All sample solutions were poured into Teflon molds, and their films were stripped off after drying. The FTIR spectra of the samples were characterized with a Fourier transform infrared spectrometer (670-IR +610-IR Varian, Varian Co., Ltd., USA). Their spectra were recorded at a resolution of 4 cm−1 from 400 to 4000 cm−1.

X-ray photoelectron spectroscopy (XPS)

The surface elements and chemical state of the samples were analyzed using a K-Alpha X-ray photoelectron spectrometer (Thermo Fisher Scientific, USA). The samples were excited by a monochromatic Al Kαray and radiated by an X-ray beam at 6 mA, with a sensitivity of 350 kcps and energy resolution of 0.5 eV.

Swelling behavior in PBS (phosphate buffer solution)

In this experiment, the swelling properties of 1:8-DAC/GEL, 2:8-DAC/GEL, 3:8-DAC/GEL and 4:8-DAC/GEL were investigated. The hydrogel samples were immersed in PBS (pH = 7.4) at 37 °C until swelling equilibrium was reached. The swelling ratios (SR) of the hydrogel samples were calculated as follows:

$$ {\text{SR = }}\frac{{V_{t} }}{{V_{ 0} }} $$
(1)

where Vt is the volume of swollen hydrogel at adsorption time t, and V0 is the volume of the hydrogel sample before absorbing water. The results are the averages of five samples.
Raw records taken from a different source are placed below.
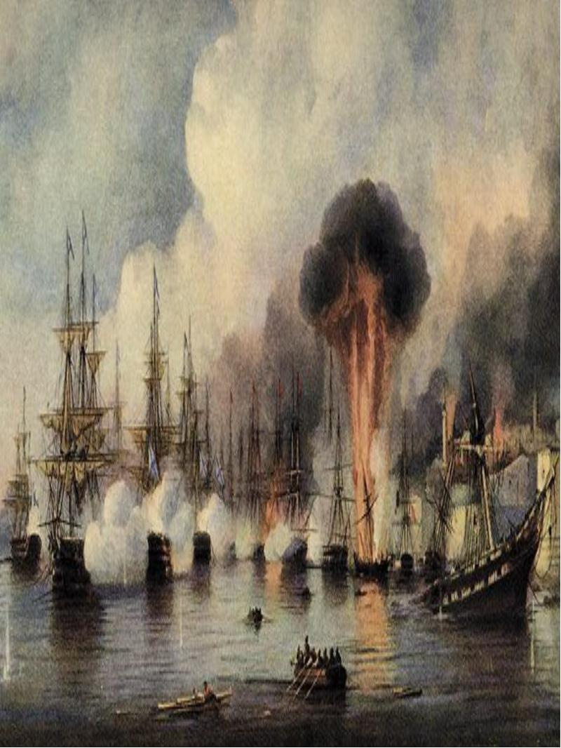 В рядах транспортных судов началось движение. Корабли разворачивались, собираясь выйти из залива. По бокам начали выстраиваться фрегаты и линейные корабли. Но выйти им не дали. Сначала сработало шесть мин, показав супостату, что не всё так просто. Когда конвой остановился, не зная, что дальше предпринять, в залив вошли наши корабли. Не знаю, кто первым подал эту идею, но выглядело это эффектно. С верхних палуб, в небо, взвились сотни ракет и упали прямо по курсу конвоя. В каких-то 2-3 сотнях метрах от кораблей и судов, широкой полосой запылало море. Стреляли тряпками, которые пропитали греческим огнём. Противник стал убирать паруса и спускать флаги.
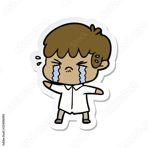 sticker of a cartoon boy crying
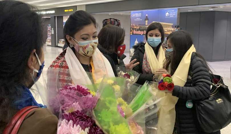 हिमानी ट्रष्ट युएसएका पदाधिकारीले पूर्वयुवराज्ञी हिमानीलाई विमानस्थलमा स्वागत गरेका छन् ।
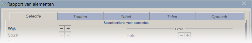 Op de tabbladen Totalen, Tabel en Tekst bepaalt u welke kenmerken u in het rapport wilt tonen.
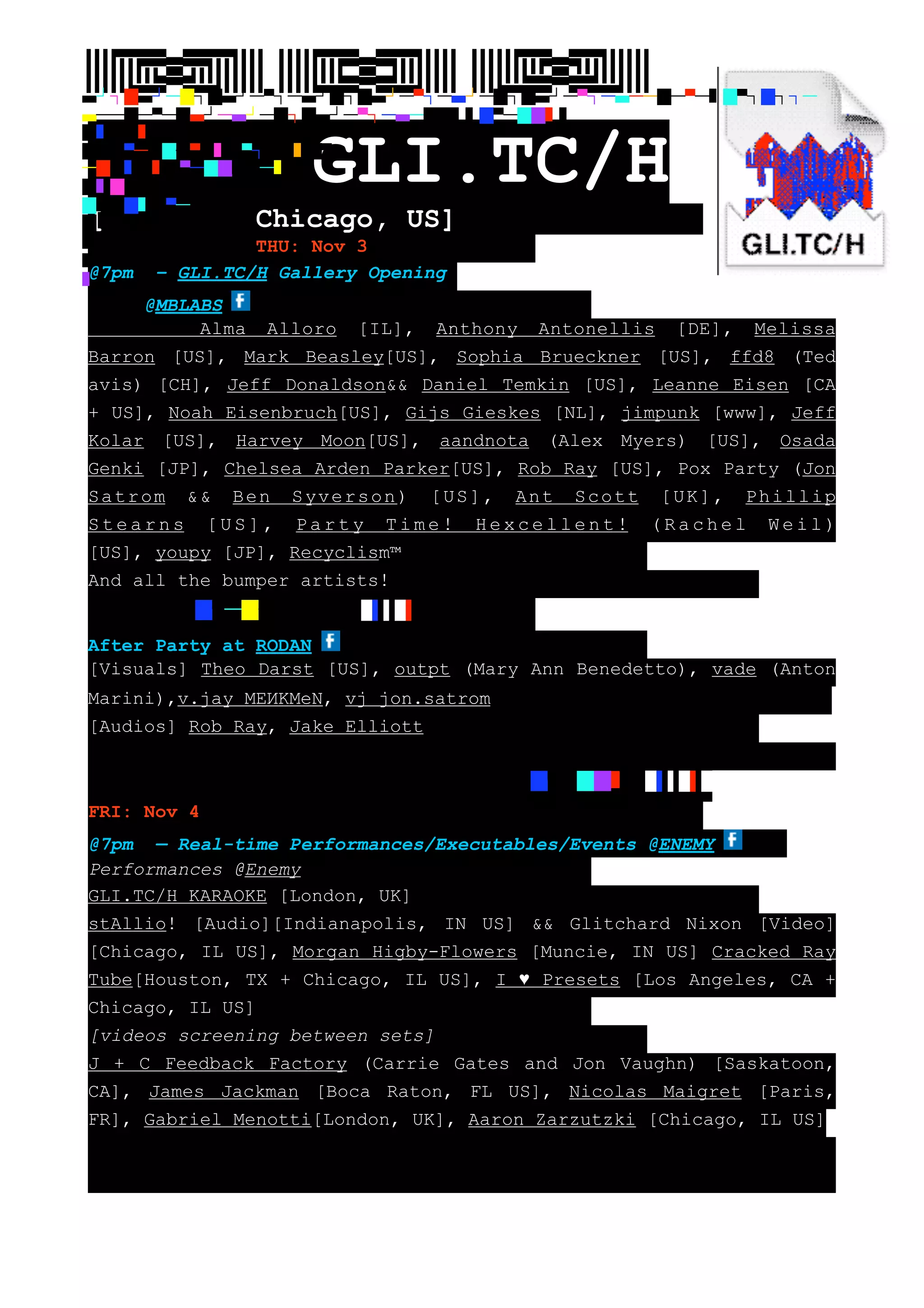 The document announces an art exhibition and festival called GLI.TC/H taking place from November 3-12 in Chicago and Amsterdam. It includes schedules of gallery openings, lectures, workshops, screenings, and live performances centered around glitch and error art. Events will be held at venues like MBLABS, Enemy, theNIGHTINGALE, STEIM, and PLANETART and will feature artists working with glitch, error, and digital media.
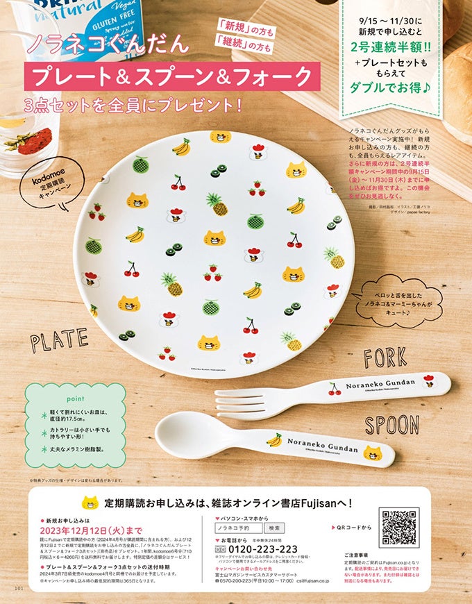 新規お申し込みの方も、すでに定期購読中の方(2024年4月号が購読期間に含まれる方)も、全員もれなく特典グッズがもらえる恒例キャンペーン実施中! 今回の特典は、ノラネコぐんだんプレート&スプーン&フォークの3点セット! ここでしか手に入らないレアアイテムです! 新規の方は、2号連続半額キャンペーン実施中の9月15日(金)以降に申し込むと、さらにお得です!(半額キャンペーンは11月30日(水)まで実施。)
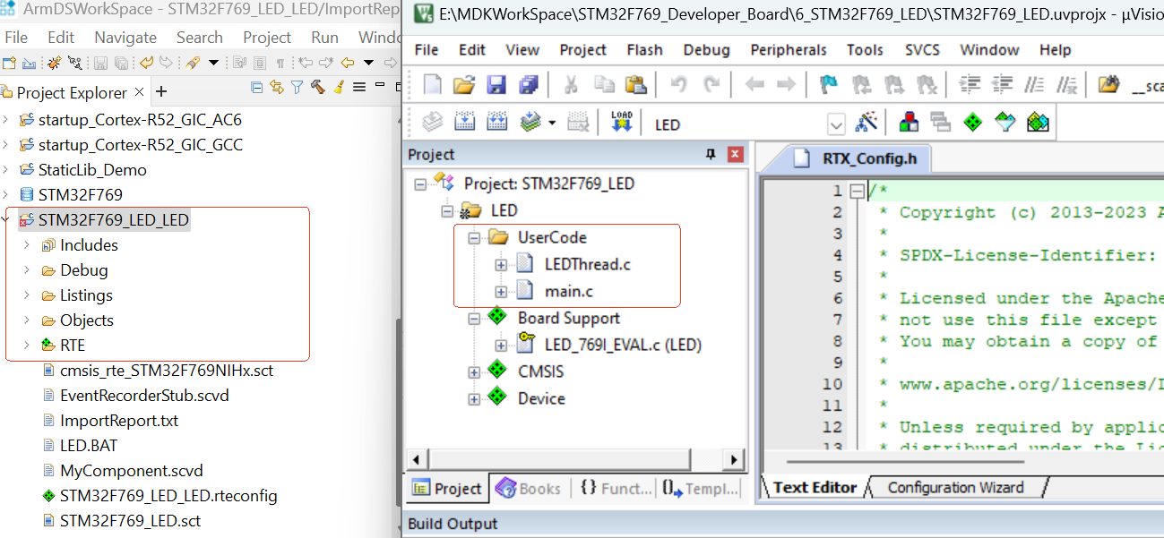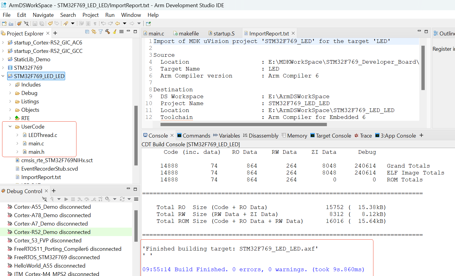 3)、把UserCode目錄移到Keil MDK工程目錄下,用ArmDS重新導入Keil MDK,再編譯,問題解決,如圖4-3所示:

Mechanical property measurements

The mechanical properties of the hydrogel samples were measured via a uniaxial compression test method using a universal tensile testing machine (HLD-0824, Handpi Co., Ltd., China). The hydrogel samples were cylindrical with a diameter of 15 ± 1 mm and a height of 10 ± 1 mm. The tests were performed at a compression speed of 0.5 mm s−1 at 15 °C. The results are the averages of at least five samples.

Rheological characterization

A discovery hybrid rheometer (DHR-3, TA instruments Co., Ltd., USA) was used to evaluate the rheological properties of the hydrogel samples.

First, the strain amplitudes of the hydrogel samples (4:8-DAC/GEL, 4:8-CNC/GEL and GEL) were verified to ensure that the measurements were conducted within the linear viscoelastic region (LVR). The hydrogel samples were analyzed at a temperature rate of 3 °C min−1 from 3 to 50 °C in oscillation mode using a strain of 1% and a frequency of 1 Hz.

Second, the storage modulus (G′), loss modulus (G′′), and viscosity were separately monitored as a function of time for 8 h at 1 Hz and 1% strain under a constant temperature of 37 °C.

Third, the viscosity of the 4:8-DAC/GEL hydrogel was measured at shear rates ranging from 0.1 to 100 s−1 at room temperature.

3D printing

The 4:8-DAC/GEL hydrogel incubated for 3 h was printed using a 3D bioprinter (Bio-Architect, Life/Pro, Regenovo Biotechnology Co., Ltd., China). Scaffolds were designed and input into the printer software. The printing process was conducted using an extrusion-based printing nozzle with diameter of 210 µm, and the hydrogel flow was controlled by a pressure regulator.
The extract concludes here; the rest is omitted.